→ **Required action**
Among the lines below, the one containing "Согласно отчетам [4–6], процесс" opens the range and the one containing "我们通常所说的G代线就是根据" closes it. Print that range exactly, without the pictures.

→ **Material shown**
/---
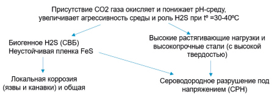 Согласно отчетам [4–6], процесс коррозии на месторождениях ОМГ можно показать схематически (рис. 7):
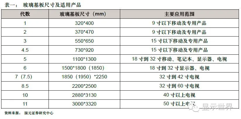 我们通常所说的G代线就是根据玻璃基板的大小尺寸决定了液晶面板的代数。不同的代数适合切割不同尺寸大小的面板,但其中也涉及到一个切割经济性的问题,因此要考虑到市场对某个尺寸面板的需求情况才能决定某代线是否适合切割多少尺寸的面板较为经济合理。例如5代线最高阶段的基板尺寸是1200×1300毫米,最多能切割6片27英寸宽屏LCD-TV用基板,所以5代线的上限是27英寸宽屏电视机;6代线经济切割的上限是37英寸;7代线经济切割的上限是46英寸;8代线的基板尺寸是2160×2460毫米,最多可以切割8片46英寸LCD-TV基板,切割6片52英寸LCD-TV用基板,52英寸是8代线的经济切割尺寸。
\---
/---
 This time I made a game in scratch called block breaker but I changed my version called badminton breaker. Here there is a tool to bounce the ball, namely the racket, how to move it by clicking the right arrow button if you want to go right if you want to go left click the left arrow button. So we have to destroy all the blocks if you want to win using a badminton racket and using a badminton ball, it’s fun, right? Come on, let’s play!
\---
→ **Answer section**
 Согласно отчетам [4–6], процесс коррозии на месторождениях ОМГ можно показать схематически (рис. 7):
 我们通常所说的G代线就是根据玻璃基板的大小尺寸决定了液晶面板的代数。不同的代数适合切割不同尺寸大小的面板,但其中也涉及到一个切割经济性的问题,因此要考虑到市场对某个尺寸面板的需求情况才能决定某代线是否适合切割多少尺寸的面板较为经济合理。例如5代线最高阶段的基板尺寸是1200×1300毫米,最多能切割6片27英寸宽屏LCD-TV用基板,所以5代线的上限是27英寸宽屏电视机;6代线经济切割的上限是37英寸;7代线经济切割的上限是46英寸;8代线的基板尺寸是2160×2460毫米,最多可以切割8片46英寸LCD-TV基板,切割6片52英寸LCD-TV用基板,52英寸是8代线的经济切割尺寸。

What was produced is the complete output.